**Exercise requirements**
Take the entries below and print, exactly, the stretch from the line containing "7月29日,团队成员刘雨菲陪" through the line containing "圖4給出3種不同剖面模型超臨", both included.

**Material for this exercise**
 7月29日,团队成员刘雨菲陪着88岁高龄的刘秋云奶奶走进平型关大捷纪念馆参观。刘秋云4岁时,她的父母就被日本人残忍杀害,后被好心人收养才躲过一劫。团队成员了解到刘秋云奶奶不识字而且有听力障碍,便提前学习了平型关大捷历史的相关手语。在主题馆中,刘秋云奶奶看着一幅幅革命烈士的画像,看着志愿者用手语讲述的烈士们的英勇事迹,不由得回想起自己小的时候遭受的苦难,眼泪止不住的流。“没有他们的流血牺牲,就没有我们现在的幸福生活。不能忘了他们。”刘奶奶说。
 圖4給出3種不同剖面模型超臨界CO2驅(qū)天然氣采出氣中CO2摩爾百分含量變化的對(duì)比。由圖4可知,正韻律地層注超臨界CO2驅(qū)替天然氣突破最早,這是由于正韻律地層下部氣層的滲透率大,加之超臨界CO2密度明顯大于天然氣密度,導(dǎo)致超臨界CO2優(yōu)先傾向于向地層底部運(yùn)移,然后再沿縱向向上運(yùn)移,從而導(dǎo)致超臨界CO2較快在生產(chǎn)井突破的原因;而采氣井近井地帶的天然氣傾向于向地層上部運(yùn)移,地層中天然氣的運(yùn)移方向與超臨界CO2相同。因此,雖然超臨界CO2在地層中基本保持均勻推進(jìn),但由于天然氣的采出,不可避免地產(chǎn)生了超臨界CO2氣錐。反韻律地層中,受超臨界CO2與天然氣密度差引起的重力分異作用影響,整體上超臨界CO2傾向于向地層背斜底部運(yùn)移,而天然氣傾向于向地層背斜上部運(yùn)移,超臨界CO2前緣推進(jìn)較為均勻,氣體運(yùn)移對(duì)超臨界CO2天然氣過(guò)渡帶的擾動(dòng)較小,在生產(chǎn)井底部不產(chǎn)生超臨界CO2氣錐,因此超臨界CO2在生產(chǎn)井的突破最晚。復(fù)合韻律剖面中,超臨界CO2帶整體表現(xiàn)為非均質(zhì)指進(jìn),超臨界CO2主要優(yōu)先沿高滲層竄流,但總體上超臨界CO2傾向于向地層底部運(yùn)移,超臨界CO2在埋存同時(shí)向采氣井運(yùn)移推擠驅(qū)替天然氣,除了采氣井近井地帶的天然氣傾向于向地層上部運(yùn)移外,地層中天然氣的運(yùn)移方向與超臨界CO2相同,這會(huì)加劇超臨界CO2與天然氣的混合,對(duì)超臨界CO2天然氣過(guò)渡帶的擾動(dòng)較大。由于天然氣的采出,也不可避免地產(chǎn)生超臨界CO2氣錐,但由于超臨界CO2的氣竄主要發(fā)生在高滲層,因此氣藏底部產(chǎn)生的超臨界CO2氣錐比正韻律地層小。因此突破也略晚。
--
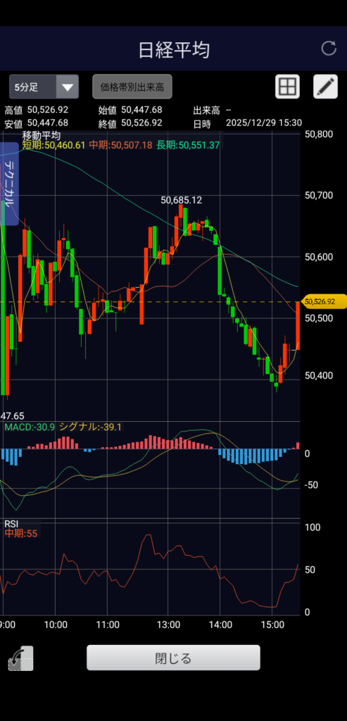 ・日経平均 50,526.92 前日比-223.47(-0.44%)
---
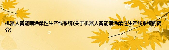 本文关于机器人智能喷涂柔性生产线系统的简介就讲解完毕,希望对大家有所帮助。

**Solution**
 7月29日,团队成员刘雨菲陪着88岁高龄的刘秋云奶奶走进平型关大捷纪念馆参观。刘秋云4岁时,她的父母就被日本人残忍杀害,后被好心人收养才躲过一劫。团队成员了解到刘秋云奶奶不识字而且有听力障碍,便提前学习了平型关大捷历史的相关手语。在主题馆中,刘秋云奶奶看着一幅幅革命烈士的画像,看着志愿者用手语讲述的烈士们的英勇事迹,不由得回想起自己小的时候遭受的苦难,眼泪止不住的流。“没有他们的流血牺牲,就没有我们现在的幸福生活。不能忘了他们。”刘奶奶说。
 圖4給出3種不同剖面模型超臨界CO2驅(qū)天然氣采出氣中CO2摩爾百分含量變化的對(duì)比。由圖4可知,正韻律地層注超臨界CO2驅(qū)替天然氣突破最早,這是由于正韻律地層下部氣層的滲透率大,加之超臨界CO2密度明顯大于天然氣密度,導(dǎo)致超臨界CO2優(yōu)先傾向于向地層底部運(yùn)移,然后再沿縱向向上運(yùn)移,從而導(dǎo)致超臨界CO2較快在生產(chǎn)井突破的原因;而采氣井近井地帶的天然氣傾向于向地層上部運(yùn)移,地層中天然氣的運(yùn)移方向與超臨界CO2相同。因此,雖然超臨界CO2在地層中基本保持均勻推進(jìn),但由于天然氣的采出,不可避免地產(chǎn)生了超臨界CO2氣錐。反韻律地層中,受超臨界CO2與天然氣密度差引起的重力分異作用影響,整體上超臨界CO2傾向于向地層背斜底部運(yùn)移,而天然氣傾向于向地層背斜上部運(yùn)移,超臨界CO2前緣推進(jìn)較為均勻,氣體運(yùn)移對(duì)超臨界CO2天然氣過(guò)渡帶的擾動(dòng)較小,在生產(chǎn)井底部不產(chǎn)生超臨界CO2氣錐,因此超臨界CO2在生產(chǎn)井的突破最晚。復(fù)合韻律剖面中,超臨界CO2帶整體表現(xiàn)為非均質(zhì)指進(jìn),超臨界CO2主要優(yōu)先沿高滲層竄流,但總體上超臨界CO2傾向于向地層底部運(yùn)移,超臨界CO2在埋存同時(shí)向采氣井運(yùn)移推擠驅(qū)替天然氣,除了采氣井近井地帶的天然氣傾向于向地層上部運(yùn)移外,地層中天然氣的運(yùn)移方向與超臨界CO2相同,這會(huì)加劇超臨界CO2與天然氣的混合,對(duì)超臨界CO2天然氣過(guò)渡帶的擾動(dòng)較大。由于天然氣的采出,也不可避免地產(chǎn)生超臨界CO2氣錐,但由于超臨界CO2的氣竄主要發(fā)生在高滲層,因此氣藏底部產(chǎn)生的超臨界CO2氣錐比正韻律地層小。因此突破也略晚。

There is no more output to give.